**DATA SUPPLIED:**
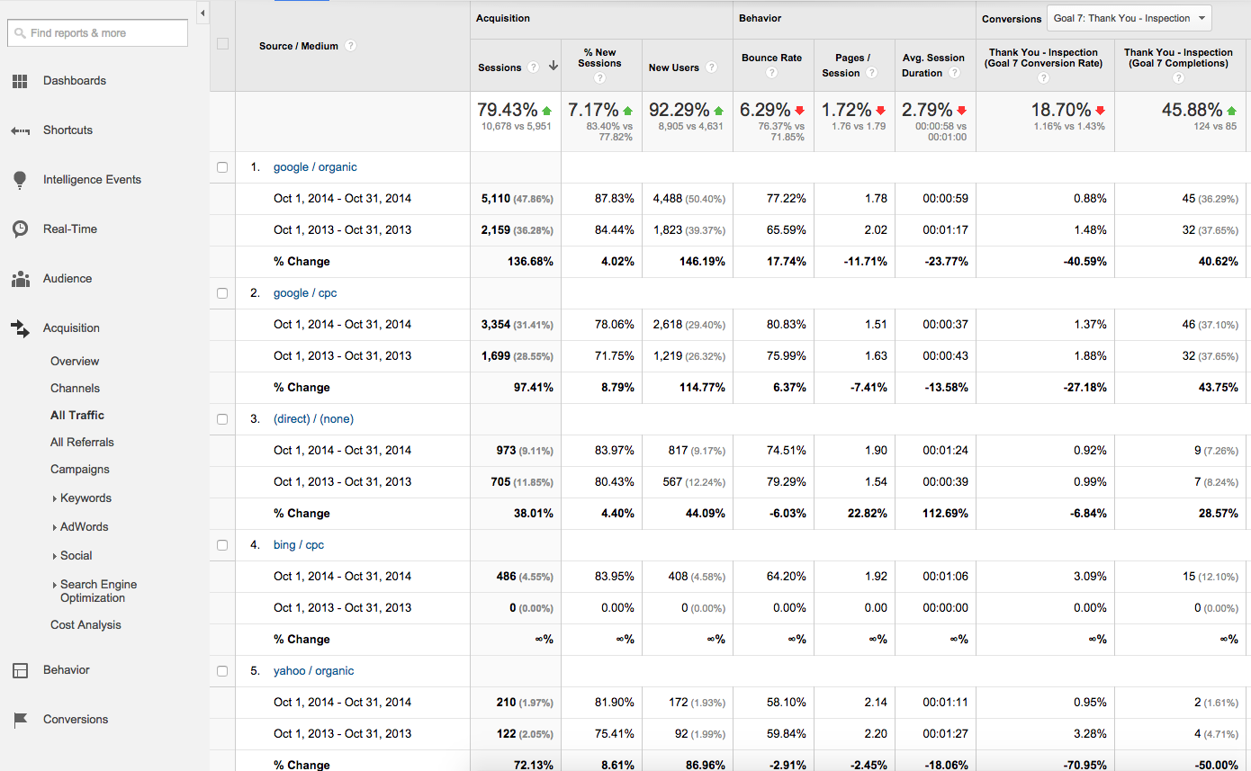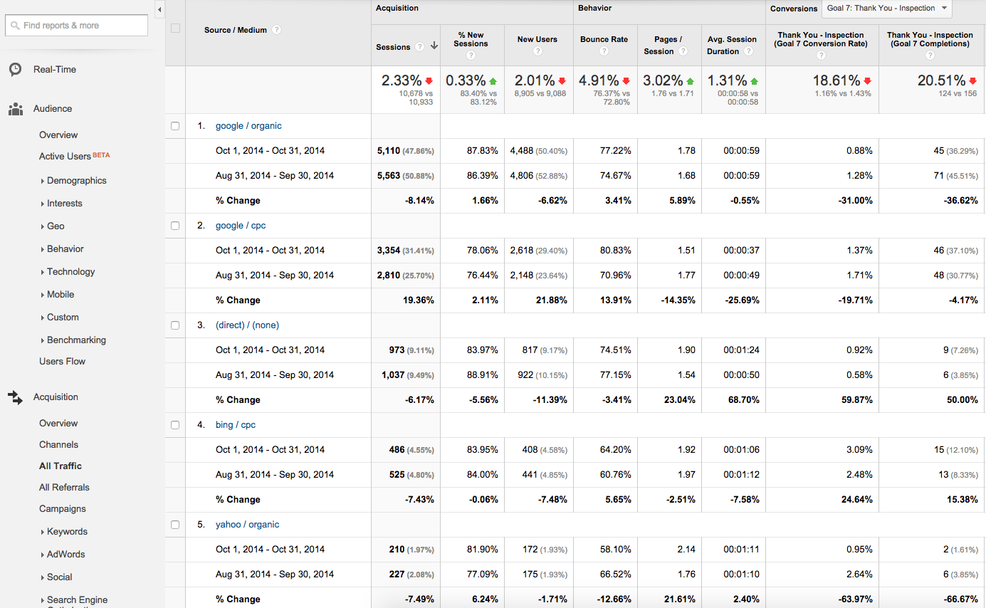 In this example, we noticed a drop in conversions one month compared to the previous month and navigated to the All Traffic report (Acquisition > All Traffic) to find out what source(s) contributed most heavily to the drop.
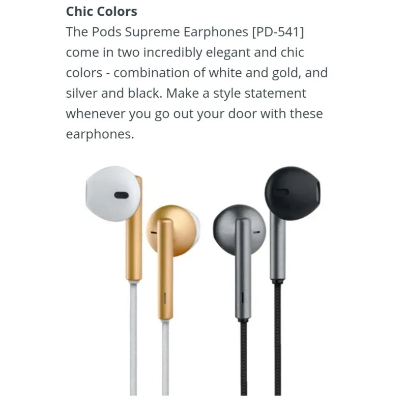 Elevate your audio experience with the PD-541 Supreme In-Ear Earphones, the latest addition to the Pods Supreme series. Designed for audiophiles and style-conscious users, these earphones deliver exceptional sound quality with deep bass, clear mids, and crisp highs. Featuring an in-built microphone, remote control, and a durable silicon-coated cable, the PD-541 offers both functionality and flair, making it ideal for music, calls, and on-the-go lifestyles.
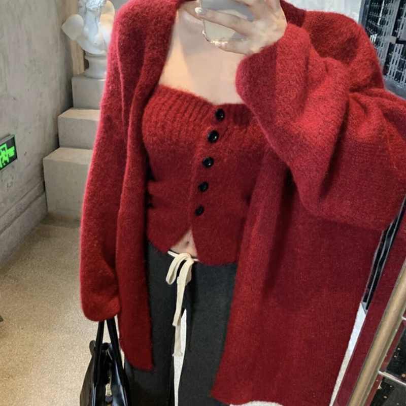 📚 2025秋冬新款圣诞新年抹胸排扣内搭红色毛衣外套两件套慵懒风上衣
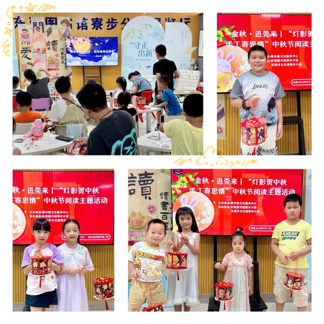 9月15日下午,寮步图书馆二楼少儿绘本馆内举办了一场别开生面的中秋节阅读主题活动——“灯影贺中秋 手工寄思情”。此次活动旨在让孩子们在了解中秋节的起源和月饼的由来中,感受中国传统文化的魅力,增强对民族文化的认同感和自豪感,从而更好地传承和弘扬中华优秀传统文化,同时通过手工制作灯笼,体验动手的乐趣,传递深深的思乡之情。
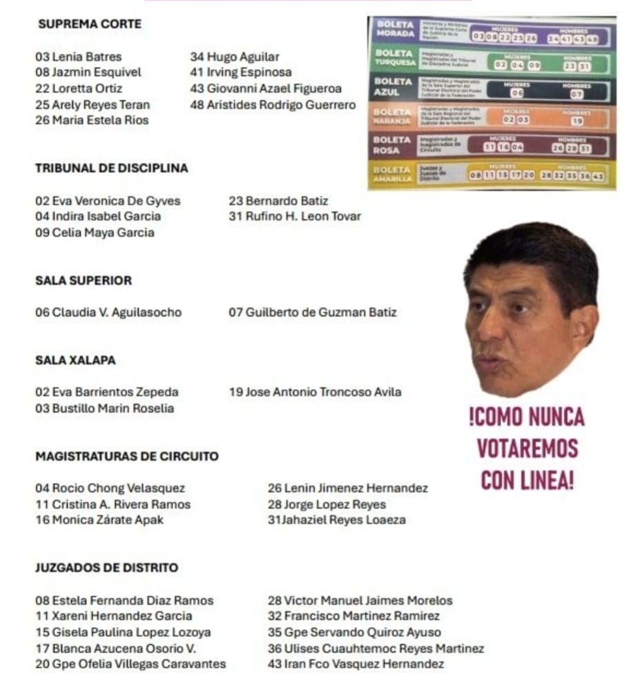 YA ESTAN DEFINIDOS LOS JUECES, MAGISTRADOS Y MINISTROS, DOS SEMANAS ANTES D ELA ELECCION.
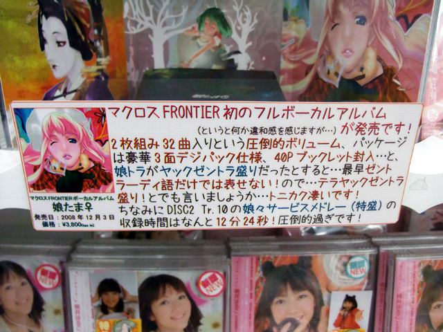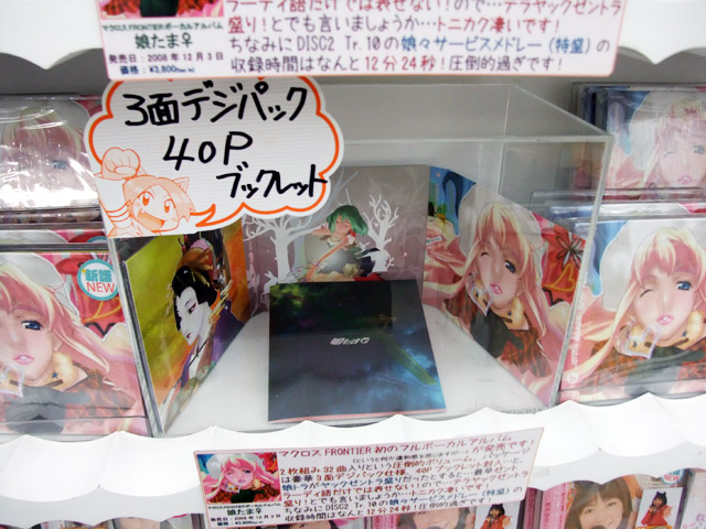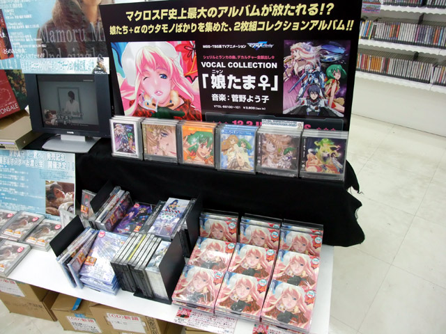12月2日、CD「マクロスF ボーカルコレクションアルバム 娘たま♀」が発売されました。これは、商品説明によると『娘たち+αのウタモノばかりを集めた、豪華2枚組みコレクションアルバム』というもので、とらで掲示されていたPOPでは『テラヤックゼントラ盛り!』『娘々サービスメドレー(特盛)の収録時間はなんと12分24秒!圧倒的過ぎです!』とかかれていました。
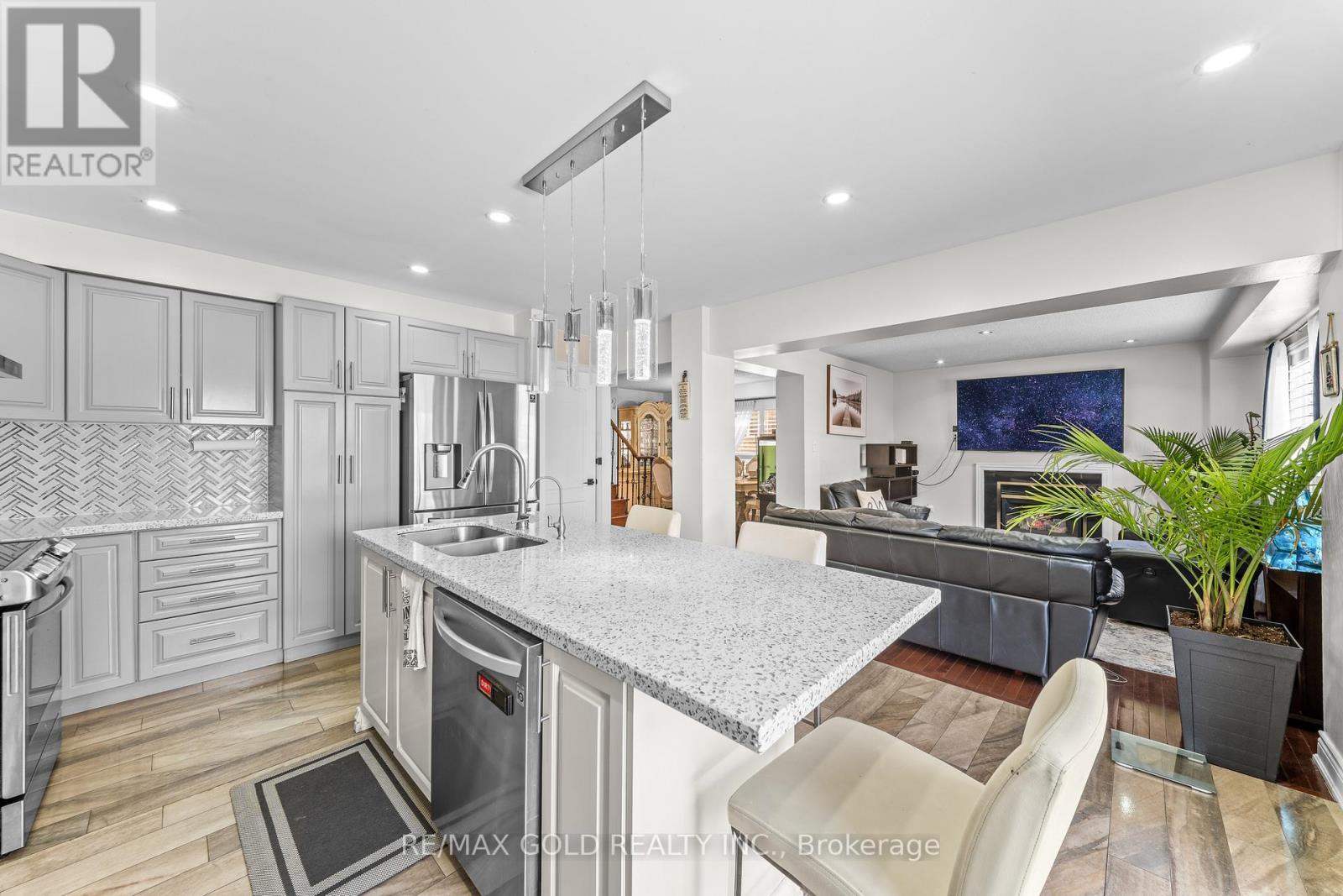 Stunning 4-bedroom, 4-washroom Detached home in the highly sought-after Fletcher's Meadow community! This beautifully maintained property shows like a model home and features hardwood flooring throughout. The spacious primary bedroom offers a walk-in closet and a luxurious 5- piece ensuite. All bedrooms are generously sized, each with large windows that provide abundant natural light. The modern kitchen is a true highlight, complete with quartz countertops, stainless steel appliances, and a walk-out to the backyard-perfect for entertaining. The open-concept living area boasts hardwood floors, a cozy fireplace, and newly installed pot lights throughout the home. Additional features include convenient double garage access and a fully finished 2-bedroom basement, offering excellent potential for extra income or extended family living. This spotless, bright, and spacious home is truly a perfect 10! Ideally located close to all amenities, with walking distance to grocery stores, plazas, and more. (id:64974)
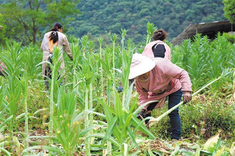贡菜产业的蓬勃发展,为九龙街道辖区群众提供了在“家门口”就业增收的机会。九龙街道控嘎村委会大树坡村村民张梅青高兴地说:“我在贡菜种植基地务工,一年能挣3万多块钱。基地就在我家附近,照顾家里的老人和孩子很方便。”罗平亨丰农业有限责任公司工人李红仙也感慨道:“公司让我在‘家门口’就有活儿干,一天能挣100块钱,我很满意。”
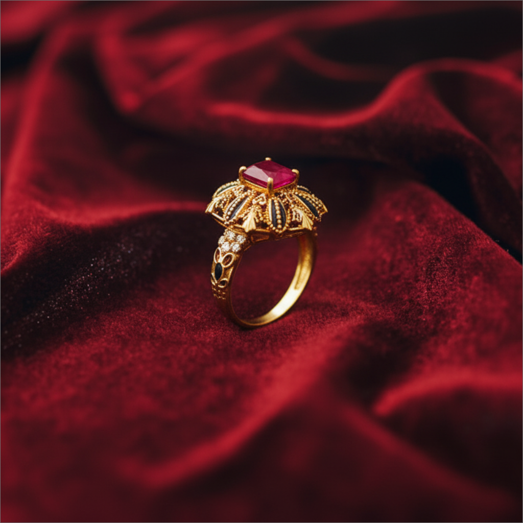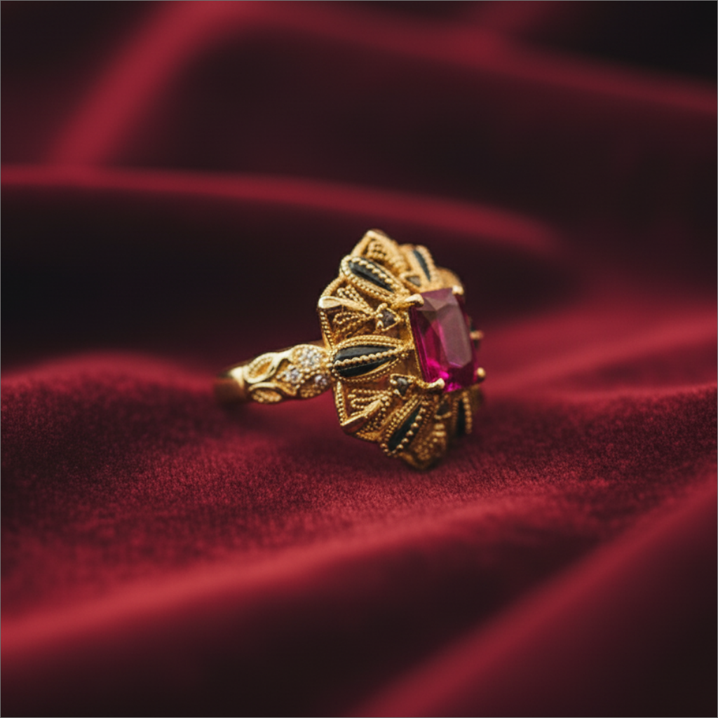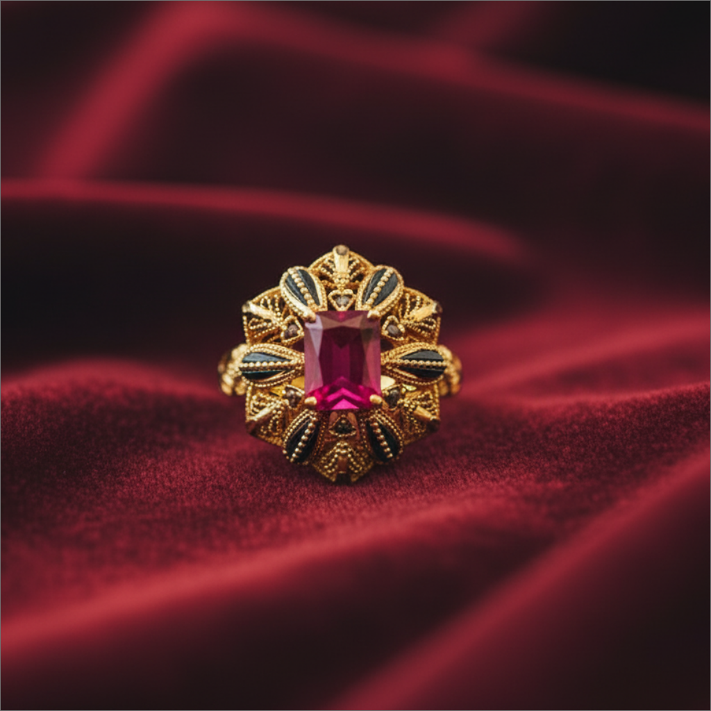 Embodying vintage luxury, The Royal Ruby Enamel Ring is a bold statement piece crafted in approximately 6.50 grams of pure 21-Karat gold.
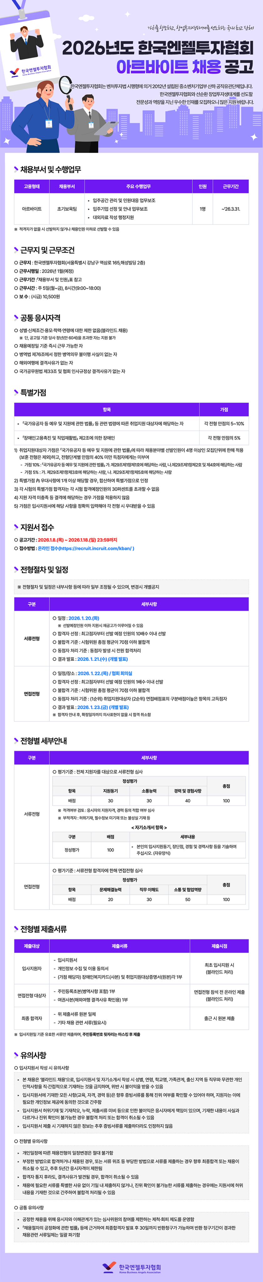 한국엔젤투자협회 2026년도 1월 아르바이트 채용공고
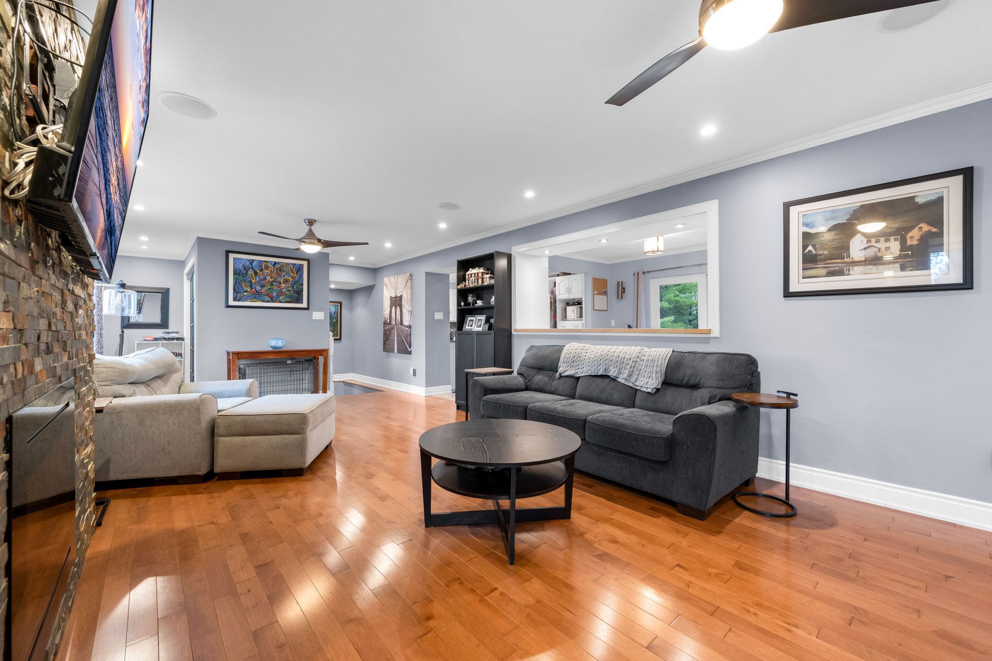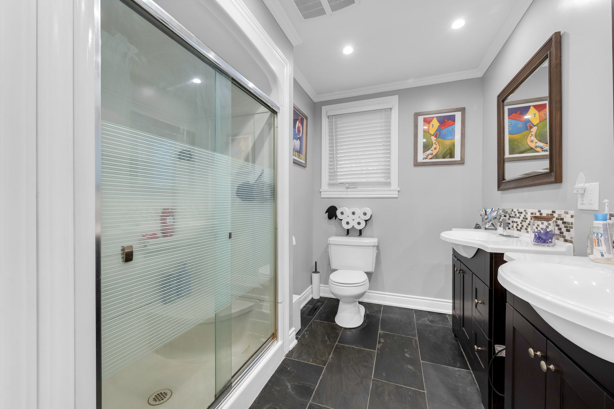 • Open-concept design with heated bathroom floors for winter comfort.
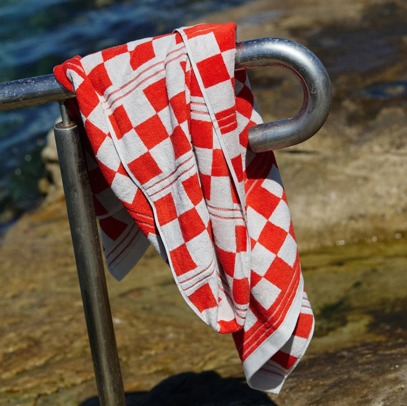 Baina Busby Organic Cotton Pool Towel Cloud & Ranch Red
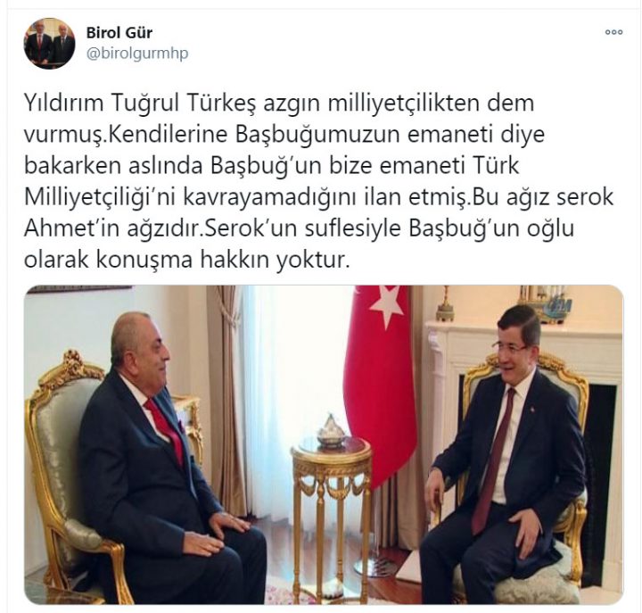 MHP İstanbul İl Başkanı Birol Gür, Tuğrul Türkeş’e “Yıldırım Tuğrul Türkeş azgın milliyetçilikten dem vurmuş. Kendilerine Başbuğumuzun emaneti diye bakarken aslında Başbuğ’un bize emaneti Türk Milliyetçiliği’ni kavrayamadığını ilan etmiş.Bu ağız serok Ahmet’in ağzıdır.Serok’un suflesiyle Başbuğ’un oğlu olarak konuşma hakkın yoktur” sözleriyle yüklendi.
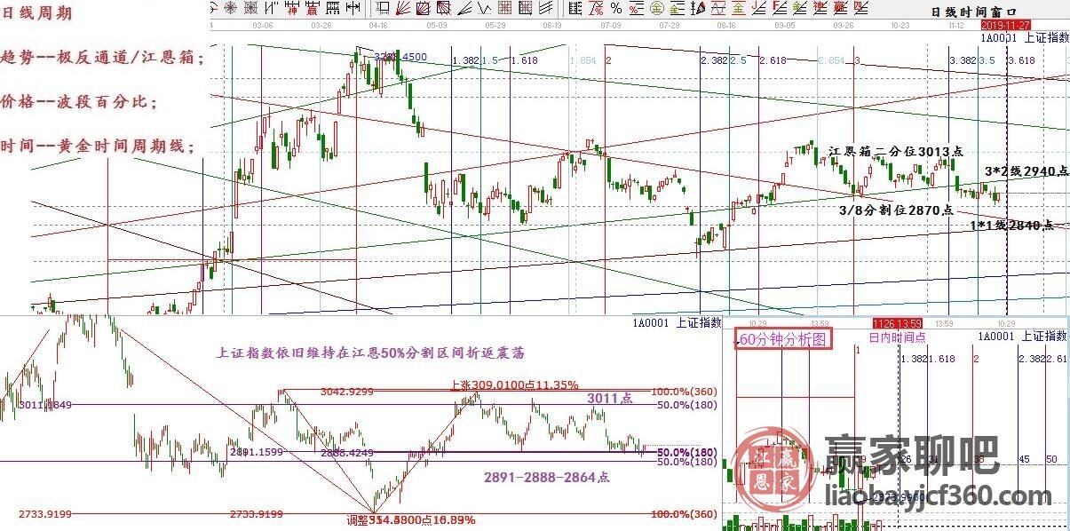 摘要: 趨勢:上證指數(shù)跌破生命線,趨勢弱勢。以今年指數(shù)低低點(diǎn)做江恩切線圖,與當(dāng)前江恩箱空間分割3/8(2870點(diǎn))形成共振,22號、25號低點(diǎn)觸及到共振位反抽,江恩箱3*2線2930點(diǎn)是近期一直強(qiáng)調(diào)的反壓位
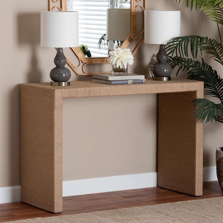 Tranquil, rustic grace arrive to refresh your interior with the stunning Colandra console table. This bohemian piece consists of a sturdy wood frame wrapped in meticulously woven seagrass. Its clean, minimalist silhouette features a rectangular tabletop with crisp geometry that beautifully blends with a variety of room styles. The Colandra will arrive fully assembled and it is recommended to be used with a fitted glass tabletop for proper maintenance. Understated yet exuberant, the Colandra console adds exotic poise to any setting. (Glass tabletop not included).

**YOUR TASK:** All lines above from the one containing "贡菜产业的蓬勃发展,为九龙街" up to and including the one containing "한국엔젤투자협회 2026년도 1월 아르바이트 채용공고" are to be set down exactly, and nothing else. Leave images out.

**RESPONSE:**
贡菜产业的蓬勃发展,为九龙街道辖区群众提供了在“家门口”就业增收的机会。九龙街道控嘎村委会大树坡村村民张梅青高兴地说:“我在贡菜种植基地务工,一年能挣3万多块钱。基地就在我家附近,照顾家里的老人和孩子很方便。”罗平亨丰农业有限责任公司工人李红仙也感慨道:“公司让我在‘家门口’就有活儿干,一天能挣100块钱,我很满意。”
 Embodying vintage luxury, The Royal Ruby Enamel Ring is a bold statement piece crafted in approximately 6.50 grams of pure 21-Karat gold.
 한국엔젤투자협회 2026년도 1월 아르바이트 채용공고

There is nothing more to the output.